DIRECTIONS: Below are the records; repeat exactly their lines between the line holding "이날 롯데 치어리더 안지현이 화려한 율동을 선보이고 있다." and the line holding "This vintage resin", inclusive, skipping the pictures.

:: DATA EXCERPTS

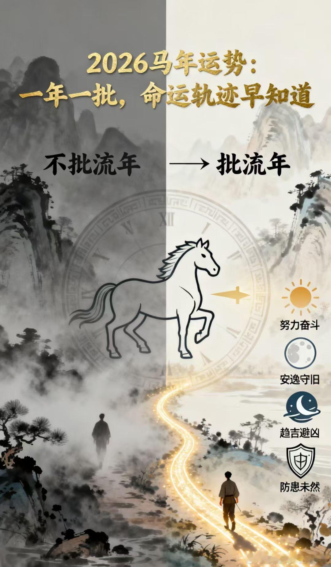 2026年丙午年生肖马年想要让自己的运势顺风顺水,春风得意,那么必须要了解自身的运势在哪一个时间点,自己做什么样的事情才能够顺风顺水,那么自己做起事情来才能够风生水起。现在正是看2026年一年运势的最佳时机,做好人生的规划,在新的一年做起事情来就不再迷茫,
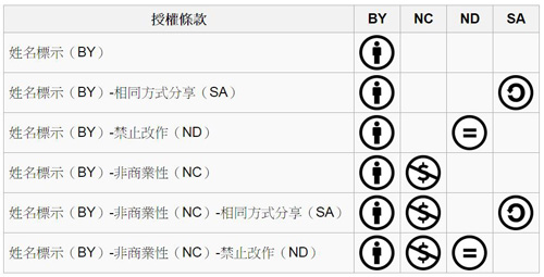 | 圖3 CC的六種創作分享、授權方式,Arduino採第二項的BY、SA。 圖片來源:維基百科
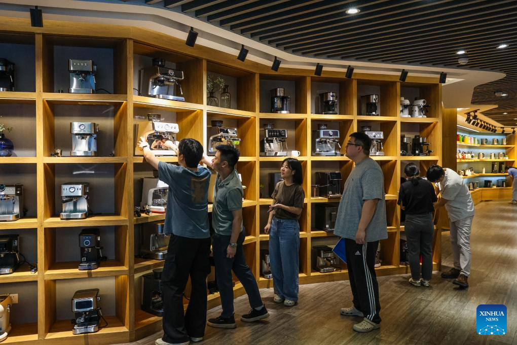 Guangdong Xinbao Electric Appliances Holdings Co., Ltd., based in Shunde City, stands as a leading player in China's small appliance sector. For every 100 drip coffee makers sold globally, about 40 are produced by the company. Launching over 1,000 new products each year, the company attributes its continuously growing export capabilities to its commitment to independent research and innovative design. In 2024, Xinbao produced over 150 million small appliances, generating overseas revenues exceeding 13 billion yuan (about 1.81 billion U.S. dollars). (Xinhua/Liu Dawei)
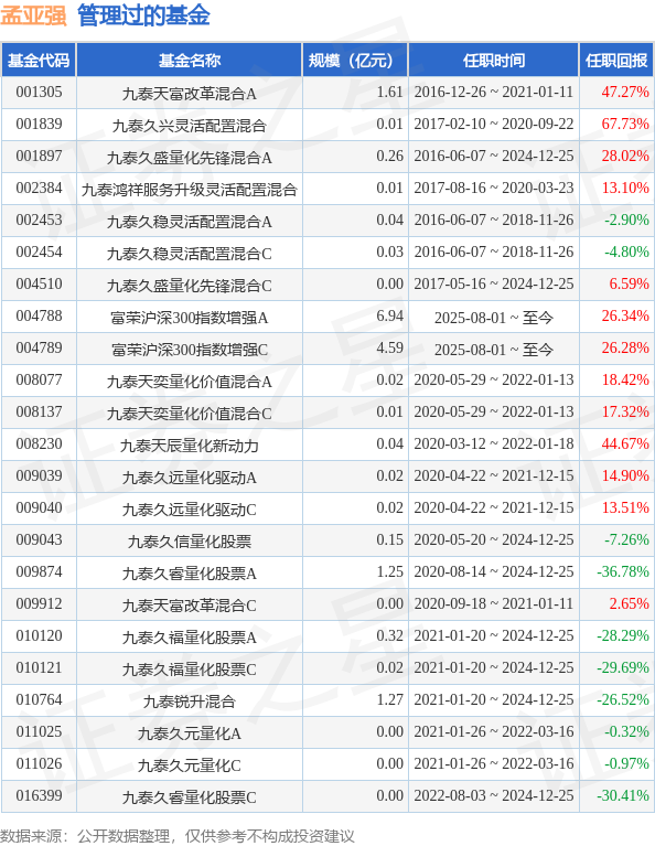 孟亚强先生:中国国籍,南开大学保险精算硕士,中国籍,具有基金从业资格。历任博时基金管理有限公司研究员、基金经理助理、投资经理。2009年7月至2015年8月,就职于博时基金管理有限公司,历任股票投资部量化研究员、基金经理助理、投资经理。2015年8月至2024年12月,就职于九泰基金管理有限公司,历任绝对收益部基金经理、天元量化投资部总经理、权益投资部联席总监、基金经理。2025年2月加入富荣基金,现任量化投资部总经理、基金经理。曾任九泰久稳灵活配置混合型证券投资基金(原九泰久稳保本混合型证券投资基金,2016年6月7日至2018年11月26日)、九泰鸿祥服务升级灵活配置混合型证券投资基金(2017年8月16日至2020年3月23日)的基金经理,任九泰久盛量化先锋灵活配置混合型证券投资基金(2016年6月7日至2024年12月25日)、九泰天富改革新动力灵活配置混合型证券投资基金(2016年12月26日至2021年1月11日)、九泰天辰量化新动力股票型证券投资基金(2020年3月12日至今)、九泰久远量化驱动股票型证券投资基金(2020年4月22日至今)的基金经理。2020年5月29日至2022年1月13日担任九泰天奕量化价值混合型证券投资基金基金经理。2017年2月10日至2020年9月22日担任九泰久兴灵活配置混合型证券投资基金基金经理。九泰久福量化股票型证券投资基金(2021年1月20日至2024年12月25日)、九泰锐升18个月封闭运作混合型证券投资基金(2021年1月20日至今)、九泰久元量化股票型证券投资基金(2021年1月26日至今)的基金经理。曾任九泰久信量化股票型证券投资基金基金经理、九泰锐升混合型证券投资基金基金经理、九泰久睿量化股票型证券投资基金基金经理。2025年8月1日起任富荣沪深300指数增强型证券投资基金基金经理。
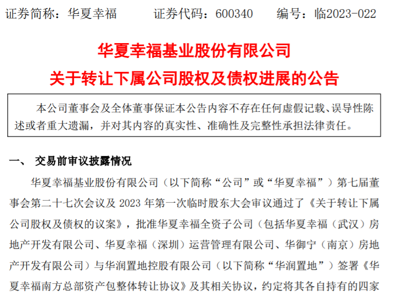 目前,华夏幸福下属公司已与华润置地签署《华夏幸福南方总部资产包整体转让协议》及其相关协议,并已完成标的股权持有人变更的工商登记手续等交割事宜。经双方确认,本次交易先决条件均已成就。
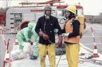 Mike Hillier, right, and Andy Gover training for Chemical Incident. Photo Lyn Lloyd
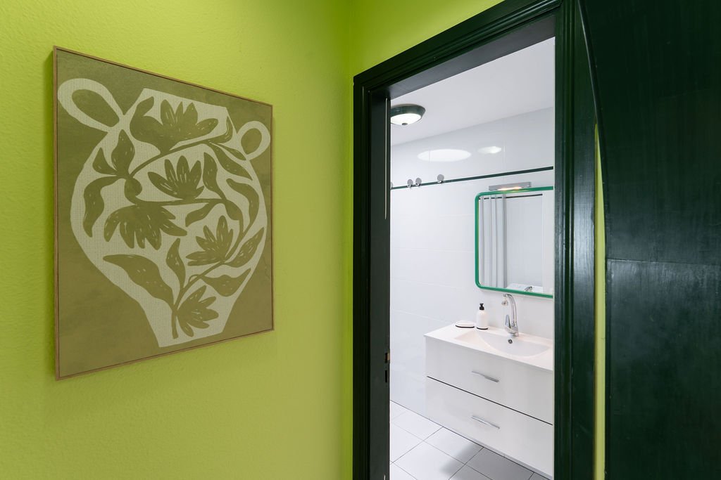 Wohnzimmer mit hohen Decken und einer offenen modernen Küche. Vor dem Wohnzimmer befindet sich die überdachte Terrasse. Das Schlafzimmer hat eingebaute Schränke mit Schiebetüren. Das Bad, sowie die Küche sind neu saniert und es hat eine ebenerdige Dusche. Neben der Küche finden Sie einen Abstellraum (Solana) der vielfältig genutzt oder in die Wohnbereiche integriert werden kann.
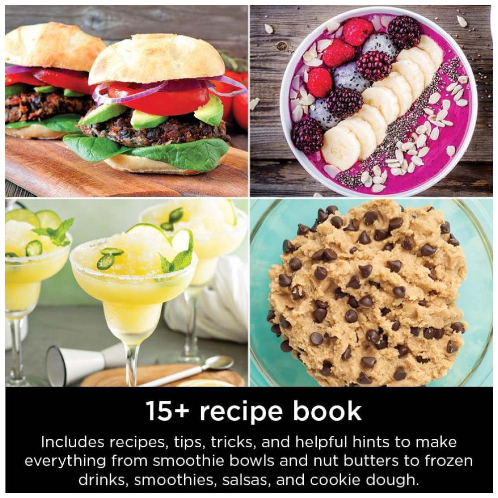 Inclui motor de potência densa de 1400 watts de pico, misturador elétrico de 2L e jarro de processamento líquido máximo de 64 onças com lâmina de trituração e corte total, lâmina de massa, escova de limpeza, 2 extração de nutrientes de 24 onças copo e bico Tampa, Criador de Smoothie Bowl de 414 mL com tampa de zenamento, lâmina de borda híbrida e guia de inspiração de receita
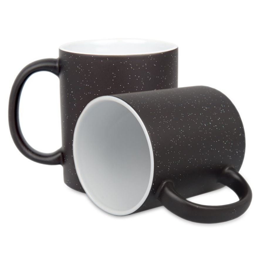Kubek ceramiczny do nadruku metodą sublimacji. Zewnętrzna strona kubka pokryta jest specjalną powłoką do sublimacji.Magiczne kubki zmieniają się pod wpływem temperatury, odsłaniając nadrukowane zdjęcie lub grafikę.
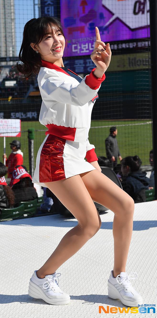 이날 롯데 치어리더 안지현이 화려한 율동을 선보이고 있다.
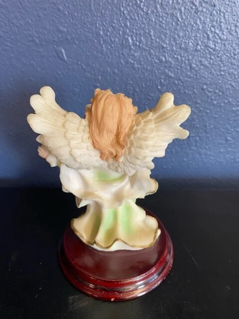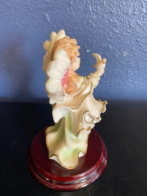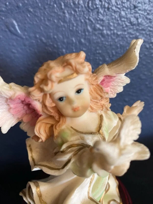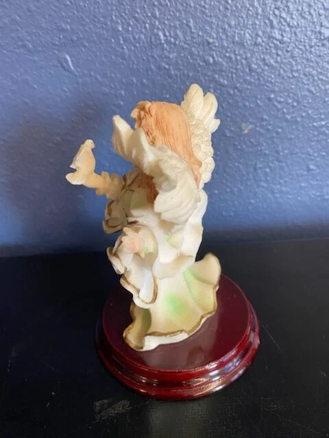 This vintage resin figurine from the 1990s features a charming little girl angel with pink and green hues, tenderly holding a dove. The piece is in excellent condition, though the base shows some slight blemishes, it remains in very good shape. Photos are provided as part of the description. The dimensions are 5 inches in height by 3.5 inches at the base. The figurine's detailed craftsmanship makes it an ideal choice for any collector or enthusiast of angelic figures or unique decor. Its vibrant colors bring a lively touch to any setting, drawing attention from onlookers. Constructed from premium resin, this figurine promises enduring quality and charm. With its angelic theme and character family, it adds a whimsical element to any collection or decorative arrangement. It is an excellent find for collectors or those in search of a distinctive adornment.
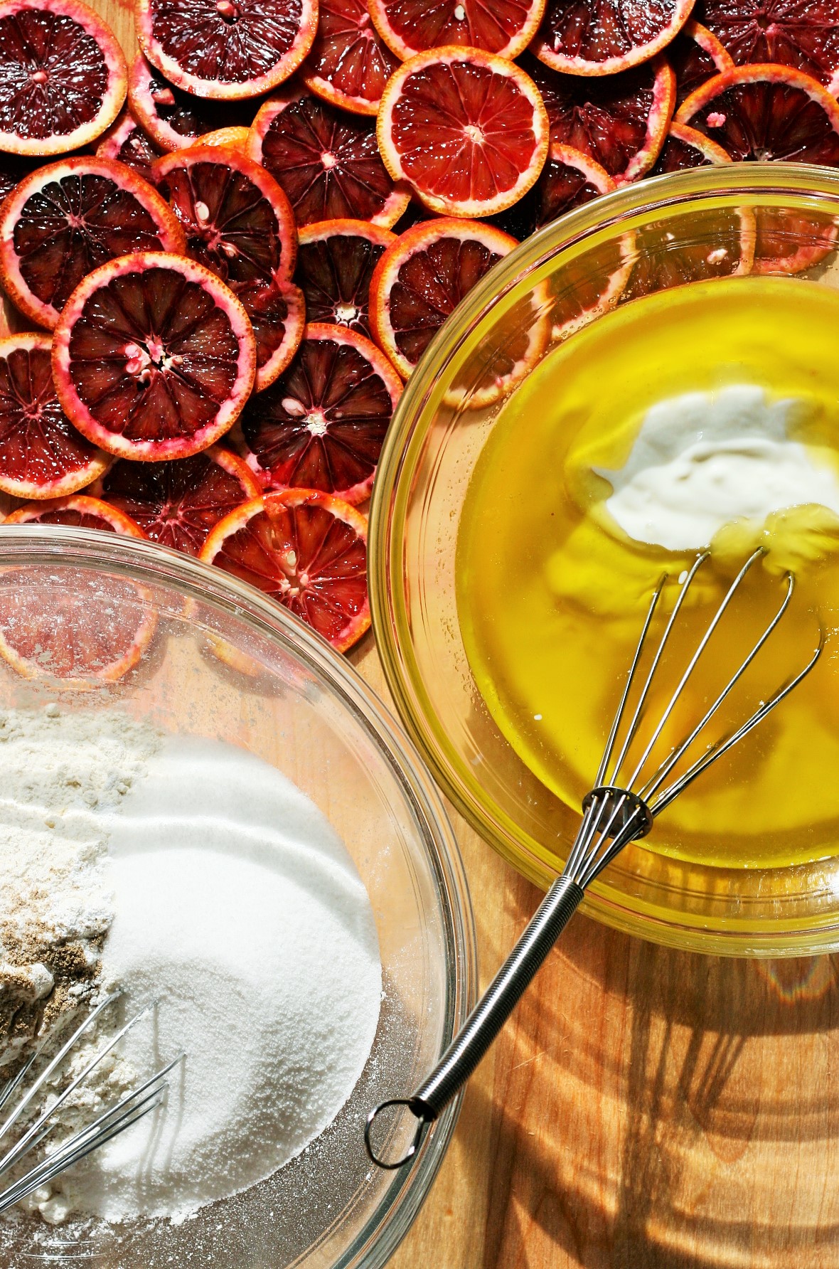 Fresh pressed olive oil, homemade yogurt, hand ground cardamom pods and oranges from our farm are the colors, scents, and tastes of my childhood. My family used what was abundant and in season and this combination of flavors were a delectable explosion on the palette and a warm, sweet balm to the soul. At it's heart, this cake honors my family's culinary history, while the modern candied blood orange addition signifies my mark on this tradition. The sweet, sour, tangy and unbelievably bright blood orange is bursting with juicy flavor that is reminiscent of an orange, tangerine and lemon, all they while drenched in its own crimson uniqueness. Cake is often treated as a vehicle for frosting. Not here. Not this bake. Not this cake. This Candied Blood Orange Olive Oil Yogurt Cake is one of the most deeply flavorful and gratifying cakes I have ever created. The fruity intense flavor of the extra virgin oil, with the tang of the yogurt and sweet sour bite of the blood orange is an incredible symphony when married together.
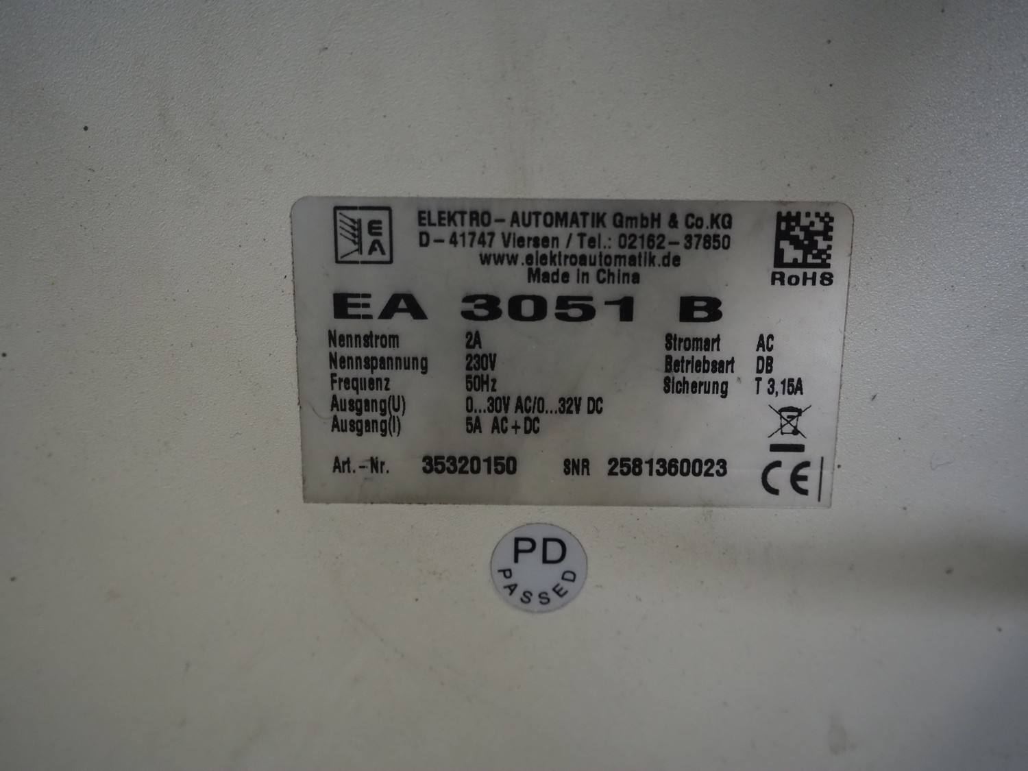 Elektro-Automatik GmbH & Co. KG power supply, model: EA 3051 B, 230 V, 50 Hz, dimensions: 260 mm x 285 mm x 150 mm.
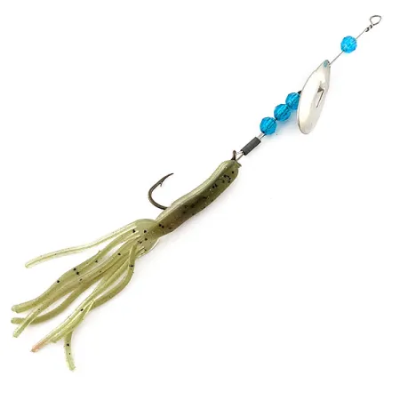 Los componentes de níquel y azul definen la identidad visual del modelo 20140, que representa un enfoque clásico del diseño de aparejos americanos de Worth. Con una medida de 11 cm (4 1/4") y un peso de 6 g (3/16 oz), el señuelo presenta una construcción distintiva tipo June Bug donde la paleta va montada en un brazo de alambre. Esta disposición específica es muy valorada por los pescadores por su arranque fiable, lo que asegura que la paleta niquelada gire suavemente sin trabarse. El montaje se acentúa con tres cuentas azules facetadas bajo la paleta y una sola cuenta a juego cerca del anclaje de la línea, proporcionando un contraste visual frente al brillo metálico. Un trailer de vinilo en color verde oliva translúcido con motas negras crea un perfil sutil y texturizado detrás de los herrajes. El anzuelo simple está perfectamente integrado en el cuerpo blando, y el conjunto se mantiene en un estado de conservación 5/5, con superficies limpias y materiales bien preservados en su totalidad. El diseño de Worth está específicamente desarrollado para técnicas que requieren un destello constante y una rotación uniforme.

::::

EXPECTED ANSWER:
 이날 롯데 치어리더 안지현이 화려한 율동을 선보이고 있다.
 This vintage resin figurine from the 1990s features a charming little girl angel with pink and green hues, tenderly holding a dove. The piece is in excellent condition, though the base shows some slight blemishes, it remains in very good shape. Photos are provided as part of the description. The dimensions are 5 inches in height by 3.5 inches at the base. The figurine's detailed craftsmanship makes it an ideal choice for any collector or enthusiast of angelic figures or unique decor. Its vibrant colors bring a lively touch to any setting, drawing attention from onlookers. Constructed from premium resin, this figurine promises enduring quality and charm. With its angelic theme and character family, it adds a whimsical element to any collection or decorative arrangement. It is an excellent find for collectors or those in search of a distinctive adornment.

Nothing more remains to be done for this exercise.